Is It Difficult to Close a Private Limited Company?

The difficulty depends almost entirely on the company’s financial position and compliance history. A company with no liabilities, current filings, and closed bank accounts can complete the strike-off process in under six months at modest cost. A company with outstanding statutory dues, creditor disputes, or assets in multiple jurisdictions may face a winding-up process extending to two years or more, with substantially higher legal and administrative costs.

Strike Off vs Winding Up in India, Comparison Table

Criteria Strike-Off (STK-2) Winding Up (Voluntary / NCLT)
When appropriate Dormant or inactive company; no liabilities or all liabilities extinguished When liabilities exist, creditors to be paid, or company is insolvent; NCLT for creditor petitions
Governing provisions Section 248, Companies Act 2013; Rules 2016; Form STK-2 Sections 270–365, Companies Act 2013; NCLT Rules
Typical timeline 3–6 months (subject to ROC/C‑PACE objections) Voluntary: 6–12 months; NCLT: 6–24+ months (complex cases)
Approximate cost range Lower, statutory fees plus professional fees (typically ₹8,000–₹25,000 all-inclusive for simple cases, based on market signals) Substantially higher, liquidator fees, NCLT filing fees, legal costs (₹50,000–₹5,00,000+ depending on complexity)
Creditor consent required Not formally required, but creditors may object during the 30-day notice period Yes, creditors are active participants in the liquidation process
Director liability after dissolution Liabilities continue; enforcement possible under s.248(7) Liquidation provides statutory distribution; directors investigated for fraud or undischarged liabilities
Restoration risk Company may be restored to the register by the NCLT within 20 years under s.252 Dissolution by NCLT order is generally final, subject to limited restoration provisions

Cost Comparison: Strike-Off vs Winding Up vs Share Sale

For founders asking what the cheapest way to close a Ltd company is, the answer is almost always voluntary strike-off, provided the company is eligible. A share sale avoids closure costs entirely but transfers (rather than extinguishes) liability. Winding up is the most expensive route due to liquidator and tribunal fees, and is reserved for situations where the company’s financial position makes strike-off legally impermissible.

Private Limited Company Closure Fees, Costs and Professional Fees

The total cost of closing a private limited company in India varies significantly depending on the route chosen, the company’s authorised capital, and whether professional intermediaries are engaged. The following table summarises the main cost components based on statutory fee schedules and market fee signals from compliance service providers.

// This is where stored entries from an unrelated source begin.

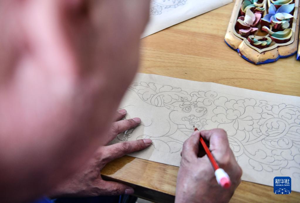 拉巴次仁在繪制木雕模板草圖(4月25日攝)。新華社記者 晉美多吉 攝
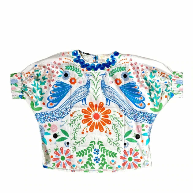 Feminine and beautiful, our Flora blouse is sure to be the focus of any outfit. Gorgeous embellishments frame the neckline. This blouse will spark joy in whoever wears it.Â
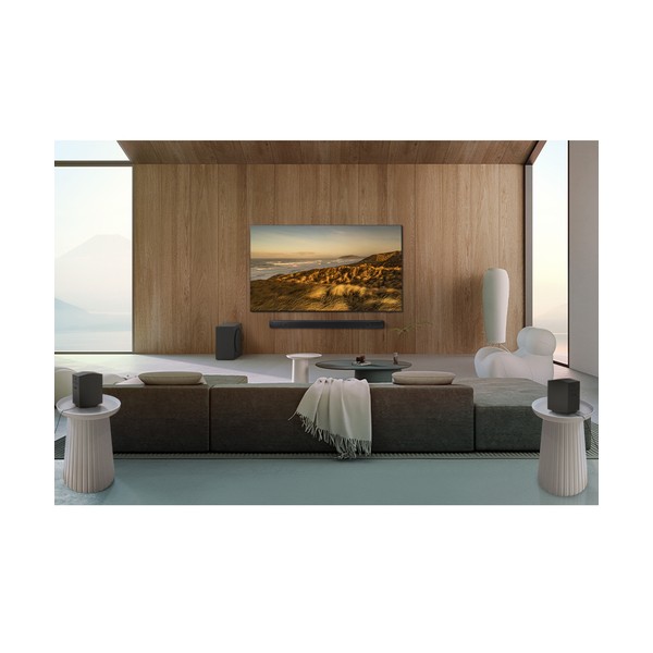 Grazie agli altoparlanti posteriori wireless con emissione verso l'alto, il suono raggiunge ogni angolo della stanza e viene riflesso dal soffitto, per trasformare il tuo salotto in una sala cinematografica.
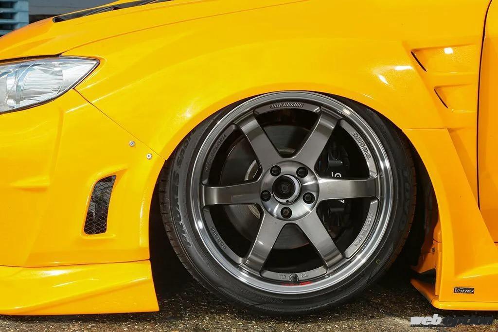 足回りはエアサスで極限までローフォルム化した上で、鍛造1ピースのボルクレーシングTE37SL(FR11J+38×18)をインストール。ハッチバックスポーツの軽快なイメージを打ち出している。

Cost Component Approximate Range Notes
MCA statutory filing fee (STK-2) ₹5,000–₹10,000 Depends on authorised share capital; as per MCA fee schedule
Professional fees (CA/CS/advocate) ₹5,000–₹15,000 Varies by city and complexity; includes preparation of STK-3, STK-4 and statement of accounts
Notarisation and stamp duty ₹500–₹2,000 For indemnity bond and affidavit
GST cancellation / tax clearance Nil–₹3,000 Professional assistance for final GST return filing
DSC renewal (if expired) ₹1,000–₹2,500 Digital signature certificate for directors
Total (simple strike-off) ₹8,000–₹25,000 Market fee signal, actual costs vary by provider and city

For winding up through the NCLT, costs escalate substantially. Liquidator remuneration, NCLT filing fees, advertisement expenses, and legal representation typically push the total cost to ₹50,000 or more, reaching several lakh rupees in contested or complex matters.

Director and Officer Liabilities, Why You Cannot Just Walk Away

One of the most dangerous misconceptions among company founders is the belief that they can simply abandon a dormant company with no consequences. Section 248 of the Companies Act, 2013 makes it explicitly clear that dissolution through strike-off does not extinguish the liabilities of directors.

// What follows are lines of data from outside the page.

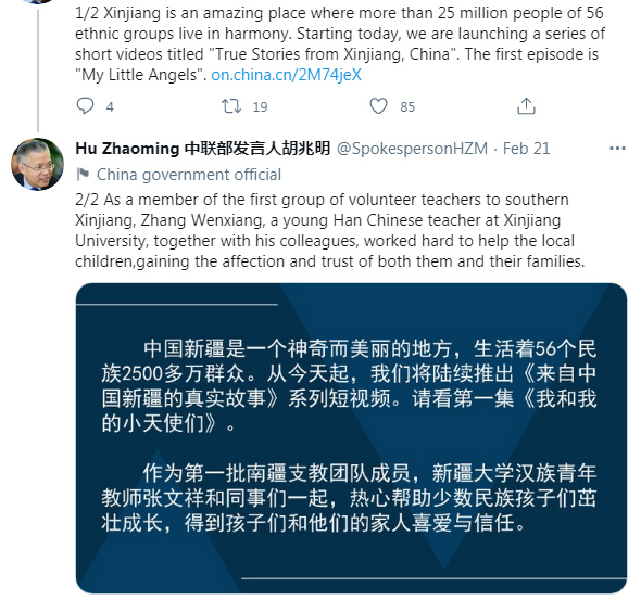 "Starting today, we are launching a series of short videos titled 'True Stories from Xinjiang, China,'" Hu wrote on his Twitter page on Sunday, adding that the first episode of the series is titled "My Little Angels."
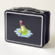 This is a standard metal lunchbox that appears to work just fine. We designed this box ourselves with an uploaded photo and custom text on the front and back. It looks absolutely beautiful except the front of the lunchbox is not centered like it shows in the photo. The print borders don't align with the inset flat part of the box where the preview photo online showed it perfectly centered in there. The back looks nice and centered though.
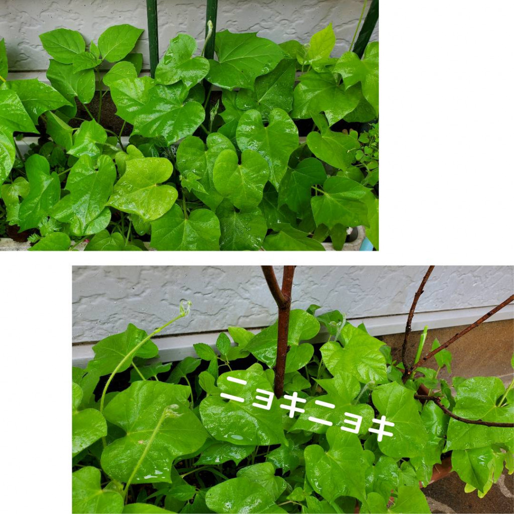 朝顔のツルが伸びてきました~♫ (≧▽≦)/

Statutory Continuation of Liability Under Section 248

Sub-sections (6) through (8) of Section 248 establish a critical principle: the liability (if any) of every director, manager and other officer who was exercising any power of management, and of every member of the company, shall continue and may be enforced as if the company had not been dissolved. This means that creditors, tax authorities, employees and other claimants retain their right to pursue directors personally even after the company’s name has been removed from the register.

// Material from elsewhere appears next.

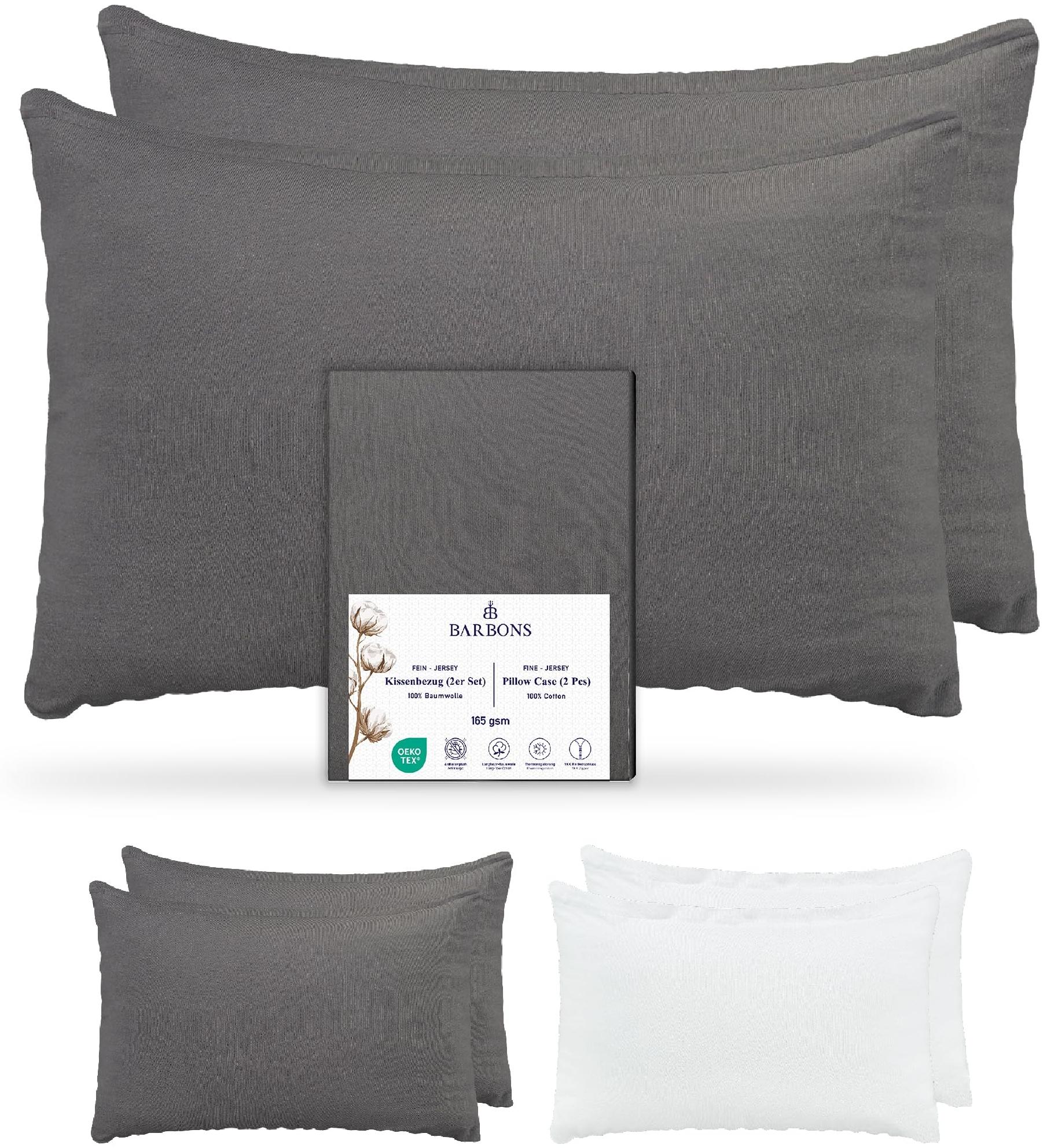 | Name | Barbons Kissenbezug 40x60 Anthrazit 2er Set – 165 g/m² Oeko-TEX Zertifiziert Kopfkissenbezug 100% Jersey Baumwolle weiche Kissenbezüge Kissenhülle mit Reißverschluss (40x60-Anthrazit) |

Consequences of Inaction, Penalties, ROC-Initiated Strike-Off and Restoration Risk

If a company does not file annual returns for two consecutive financial years, the ROC has the power to initiate strike-off proceedings on its own motion under Section 248(1). When the ROC strikes a company off in this manner, rather than on a voluntary application, the company’s directors face additional consequences. These can include disqualification from directorship under Section 164(2) for a period of five years and personal liability for penalties accumulated during the period of non-compliance.

Furthermore, a struck-off company may be restored to the register by an order of the NCLT under Section 252, on the application of the company, a member, a creditor or the ROC, for a period of up to twenty years from the date of dissolution. This means that even long after a director believed the matter was settled, a creditor could petition for restoration, reviving the company and its obligations.

Practical Steps to Mitigate Director Liability

  • Obtain creditors’ no-objection certificates before filing STK-2, even though they are not a statutory requirement for the form itself. These provide a practical defence against future claims.
  • Settle all statutory dues, GST, income tax, TDS, advance tax, PF and ESIC, before filing. Obtain clearance certificates where available.
  • Execute comprehensive indemnity bonds (STK-3). Ensure the indemnity language covers all known and contingent liabilities.
  • Maintain records. Retain books of account and statutory records for at least eight years after dissolution, as required by the Act. These records are your primary defence in any future investigation or claim.
  • Take legal advice. Where any doubt exists about the company’s liability position, consult a company law advocate before filing. A premature or defective filing can create more problems than it solves.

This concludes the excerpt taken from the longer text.